ForceWare Graphics Driver - Nvidiaus.download.nvidia.com/Windows/91.47/91.47_ForceWare_nView_Use… · NVIDIA Corporation NVIDIA ForceWare Graphics Driver User’s Guide Published

NVIDIA Quadro Professional Drivers Release 95 … of Tables iv NVIDIA Corporation Release 95 Version 97.78 NVIDIA Corporation 1 NVIDIA Quadro Professional Drivers, Release 95 Version

Ben Wilson COMP 1631 Winter 2011 NVIDIA CORPORATION.

An Overview of the NVIDIA UNIX Graphics Driver XDevConf, February 8, 2006 Andy Ritger, NVIDIA Corporation.

NVIDIA GRID K1 K2 HP Datasheet€¦ · Title: NVIDIA GRID K1 K2 HP Datasheet Author: NVIDIA Corporation Subject: NVIDIA GRID boards provide GPU virtualization, low-latency remote

Dx8 Pixel Shaders Sim Dietrich NVIDIA Corporation sim.dietrich@nvidia.com.

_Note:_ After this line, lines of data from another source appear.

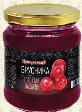
БРУСНИКА протертая с сахаром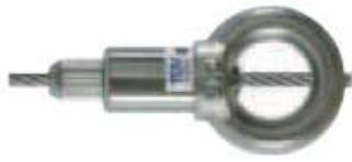
PASACABLES Diametro M12, carga máxima 150kg, BGV-C1. Código 81703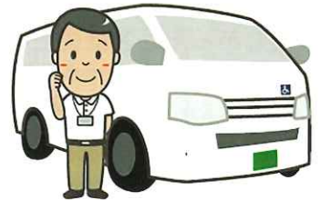
いきいきサロン等への送迎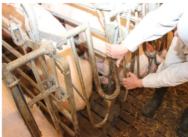
Billede 9. Baglågens åbnemekanisme, Egebjerg (ACO Funki)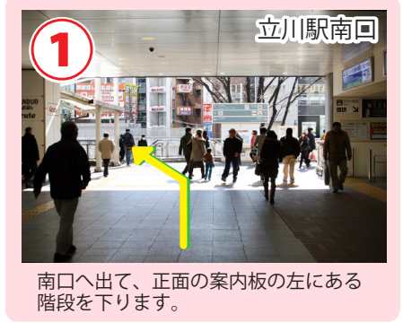
1 立川駅南口 南口へ出て、正面の案内板の左にある階段を下ります。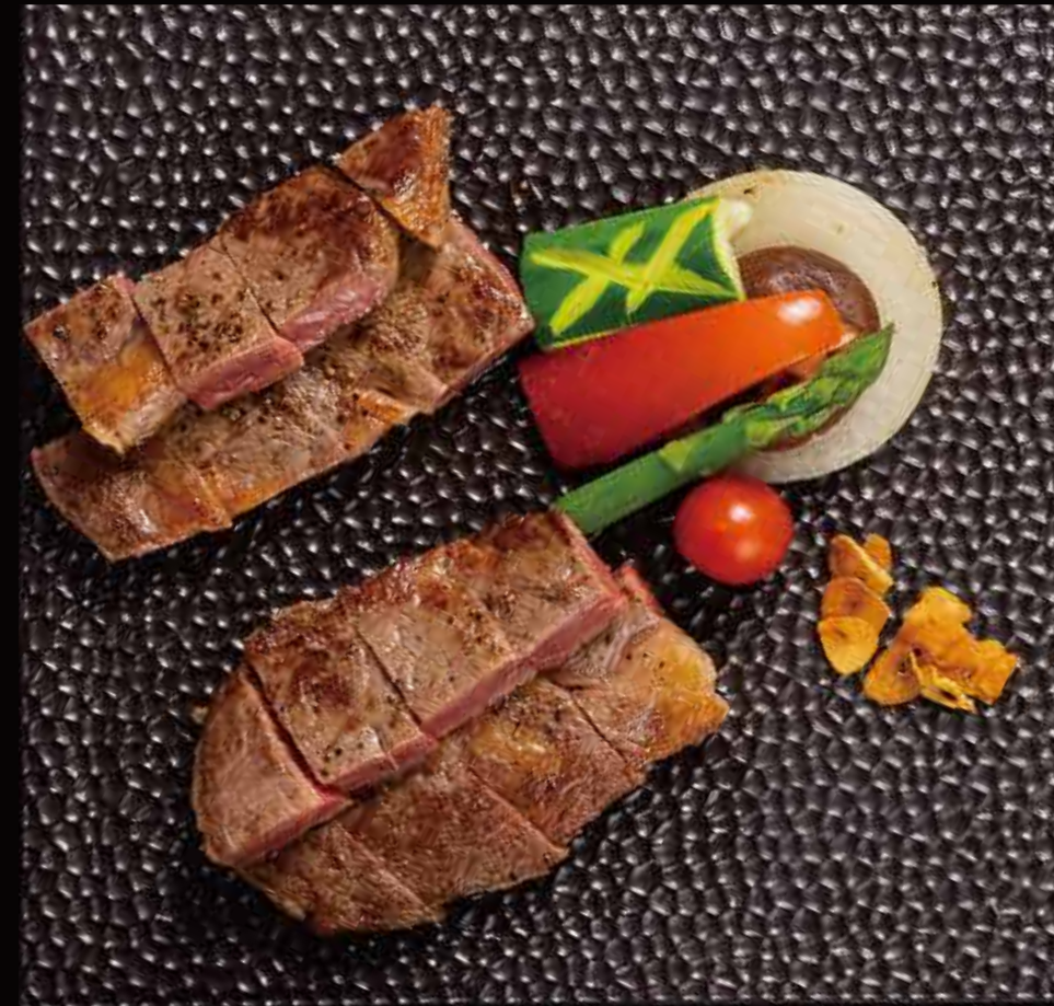
牛肉眼 Beef Rib-Eye 牛リブロス RMB 168 元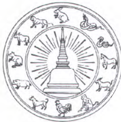
ภาพที่ 2.1 ตราประจำจังหวัดนครศรีธรรมราช

ตราประจำจังหวัดเป็นรูปพระบรมธาตุเจดีย์มีรูปสัตว์ ตามปีนักษัตรล้อมรอบ หมายถึง เมือง 12 นักษัตร จากตำนานเมืองนครศรีธรรมราช ในช่วงพุทธศตวรรษที่ 17-18 มีทั้งหมด 12 เมือง ได้แก่ 1.เมืองสายบุรี ใช้ตราหนู 2.เมืองปัตตานี ใช้ตราวัว 3.เมืองกลันตัน ใช้ตราเสือ 4.เมืองปะหัง ใช้ตรากระต่าย 5.เมืองไทรบุรี ใช้ตรางูใหญ่ 6.เมืองพัทลุง ใช้ตรางูเล็ก 7.เมืองตรัง ใช้ตราม้า 8.เมืองชุมพร ใช้ตราแพะ 9.เมืองบันทายสมอ ใช้ตราลิง 10.เมืองสะอูลา ใช้ตราไก่ 11.เมืองตะกั่วป่า ใช้ตราสุนัข 12.เมืองกระบี่ ใช้ตราหมู ดังภาพที่ 2.1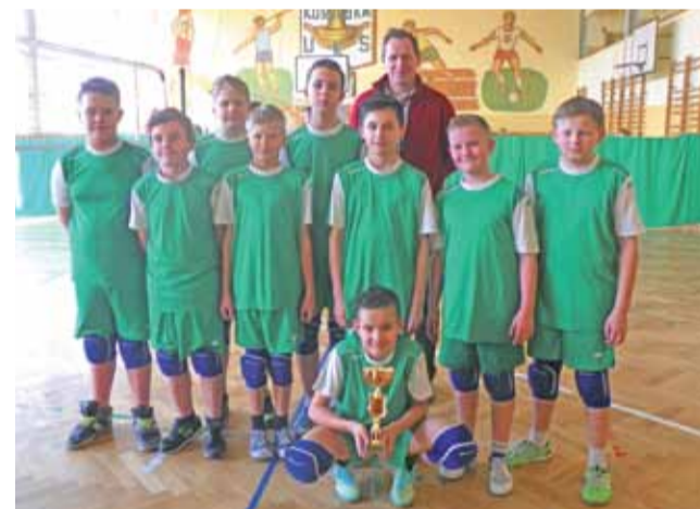
Siatkarze z SP 7 reprezentować będą powiat w zawodach rejonowych.

Po rozegraniu 8 spotkań o mistrzowski tytuł zdecydował mecz finałowy. Okazało się, że w tie-breaku wygrali uczniowie SP 7 w Łowiczu, którzy pokonali ekipę SP Mysłaków (nauczyciel w-f Ewa Patos) 2:1. Warto dodać, że w najważniejszych meczach w zespole Siódemki swoje sety wygrywali uczniowie z klasy piątej, którzy w rywalizacji ze starszymi kolegami poradzili sobie rewelacyjnie. Na trzecim miejscu zawody zakończyli siatkarze z SP Łaguszew (nauczyciel w-f Cezary Dolowicz). Najlepsze zespoły dostały pamiątkowe puchary.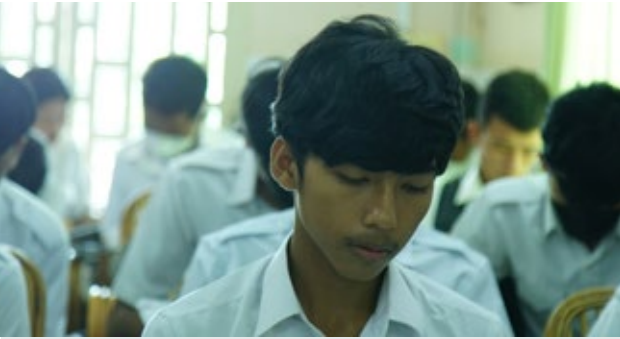
សិស្សានុសិស្សចូលរួមវេទិកាថ្នាក់រៀនចុងសប្តាហ៍ ស្តីពីប្រវត្តិសាស្ត្រកម្ពុជា ប្រជាធិបតេយ្យនៅមជ្ឈមណ្ឌល ឯកសារខេត្តព្រៃវែង។

ស្រដៀងគ្នាថា ការបង្កើតសហករណ៍ គឺពិតជា នាំឲ្យ ប្រជាជនស្លាប់ច្រើន ព្រោះប្រជាជនត្រូវធ្វើការ ហួស កម្លាំង, គ្រោះអត់ឃ្នា ន, បាត់បង់ស្មារតី និងវិញ្ញាណ, បែកបាក់ក្រុមគ្រួសារ, ទារុណកម្ម និងការជម្លៀស។ ចម្លើយរបស់សិស្សានុសិស្សចំនួន៤៩ នាក់ដំបូង ត្រូវ បានយកមកក្លាប់ជាមួយនឹងសំណេរ ដូចខាងក្រោម៖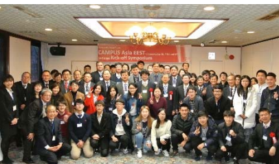
〈キックオフシンポジウム 九州大学 2017/2/22〉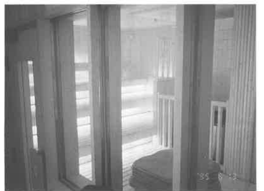
高温サウナ室。中温サウナと印象は変わらないが、入っていると温度差がわかる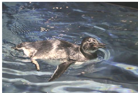
まだ泳ぐことに慣れていない赤ちゃんの様子(昨年)

※初遊泳後、6月23日(金)からは徐々に展示プールで泳ぐ時間を増やしていく予定です。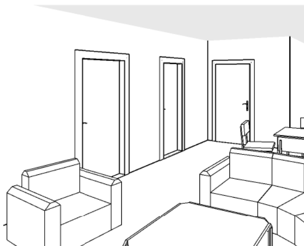
SCHÉMA DOMU - P DORYS 3NP

GeForce Drivers - cn.download.nvidia.comcn.download.nvidia.com/Windows/174.74/174.74_NVIDIA_Control_Pa… · NVIDIA Corporation iii NVIDIA Release 174 Graphics Driver Quick Start

NVIDIA Quadro Professional Drivers Release 165 …us.download.nvidia.com/Windows/Quadro_Certified/165.42/...NVIDIA Corporation i NVIDIA Quadro Professional Drivers Release 165 Notes1.

When Shaders & TexturesCollide Kevin Bjorke NVIDIA Corporation.

THE NVIDIA DEEP LEARNING ACCELERATOR · 2018-08-19 · Encourage Deep Learning applications Invite contributions from the community ... ©2018 NVIDIA CORPORATION ©2018 NVIDIA CORPORATION

CUDA C/C++ BASICS NVIDIA Corporation © NVIDIA 2013.